Assignment 2: Practicing Python and Accessing Data

Due: 2020-09-20

Objective & Evaluation

This assignment is an opportunity to earn level 1 or 2 achievements in python, process and access and begin working toward level 1 in summarize.

Accept the assignment on GitHub Classroom. It contains a notebook with some template structure (and will set you up for grading). The template will also convert notebooks that are added to markdown, which makes reading on GitHub for easier grading. If you want to incorporate feedback you receive back into a notebook file, Jupytext can do that.

To work with this notebook you can either:

  • download the repository as .zip from the green code button, unzip, and re-upload, OR

  • clone the repository with git and the push your changes. See Git/GitHub help on cloning, committing, and pushing, for example this tutorial on git to learn more about git.

Accessing Data with Python and pandas

(for python and access)

Find 3 datasets of interest to you that are provided in different file formats. Choose datasets that are not too big, so that they do not take more than a few second to load. At least one dataset, must have non numerical (eg string or boolean) data in at least 1 column. Complete a dictionary for each with the url, a name, and what function should be used to load the data into a pandas.DataFrame.

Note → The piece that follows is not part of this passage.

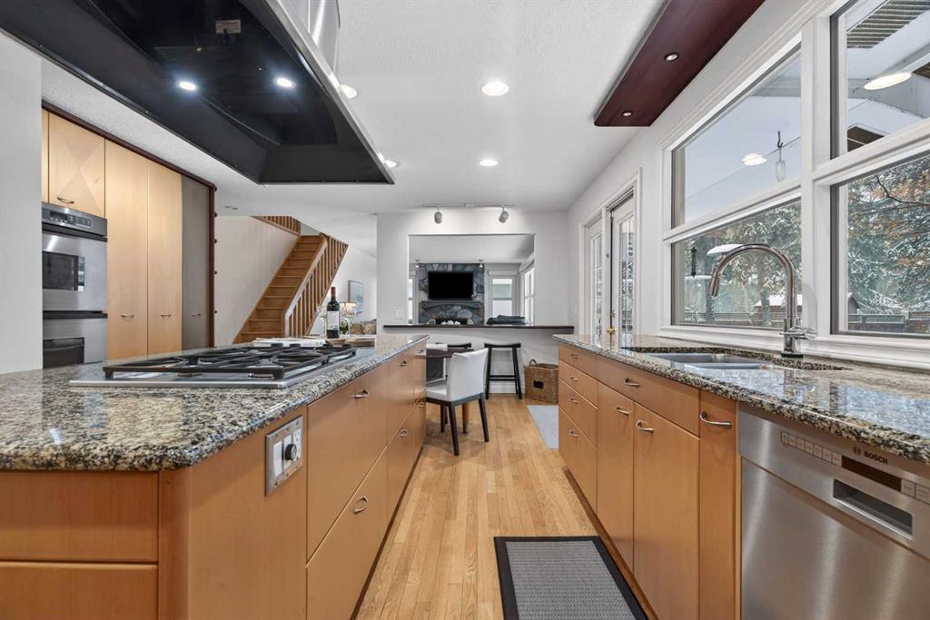 **Open House Saturday, March 21 12:00-3:00** Spacious two storey, set on an 11,000+ square foot pie lot in the highly sought after neighbourhood of Lakeview Village. Thoughtfully expanded and extensively updated, this home reflects timeless updates and clear pride of ownership. Large windows, oak hardwood floors, and two fireplaces anchor the main living areas, while custom built ins provide exceptional storage and functionality. The renovated kitchen features a large island, granite countertops, oversized sink, gas cooktop, double wall ovens, and updated appliances. Adjacent living and dining spaces open to a private wrap around deck with natural gas hookups. The upper level includes four bedrooms, highlighted by a spacious primary suite with sitting area, walk in closet with organizers, private deck, and a full ensuite with double sinks, air tub, steam shower, and skylight. One bedroom is currently configured as a dedicated office with built ins for two workstations. The finished basement adds two additional bedrooms, a media room, games area, and generous storage. Exterior highlights include a double garage plus carport, triple wide driveway, underground sprinklers, mature landscaping, and multiple storage sheds. Located near North Glenmore Park, Earl Grey Golf Course, excellent schools, and offering quick access to downtown and the mountains. A substantial, well maintained family home on a private lot in one of Calgary’s most established and sought after communities.

Use a list of those dictionaries to iterate over the datasets and build a table that describes them, with the following columns ['name','source','num_rows', 'num_columns','source_file_name']. The source column should be the url where you loaded the data from or the source if you downloaded it from a website first The source_file_name should be the part of the url after the last /, you should extract this programmatically. Display that summary table as a dataframe and save it as a csv, named dataset_summary.csv.

For one dataset (must include nonnumerical data):

  • display the heading with the last seven rows

  • make and display a new data frame with only the non numerical columns

  • was the format that the data was provided in a good format? why or why not?

For a second dataset:

  • display the heading and the first three rows

  • display the datatype for each column

  • Are there any variables where pandas may have read in the data as a datatype that’s not what you expect (eg a numerical column mistaken for strings)?

For the third dataset:

  • display the first 5 even rows of the data for three columns of your choice

For any dataset:

  • try reading it in with the wrong read_ function. If you had done this by accident, how could you tell?

Data Science Process

(for the process skill)

Make a list of a data science pipeline and denote which types of programming might be helpful at each staged. Include this in a markdown cell in the same notebook with your analysis.

Tip

Remember that this will be graded based on the rubric and that it should reflect your understanding, not be simply copied from a source. Also, always cite your sources, informal linking is ok.

To make a link in markdown

[text to display](http://url.com/of/the/site/your/are/linking/)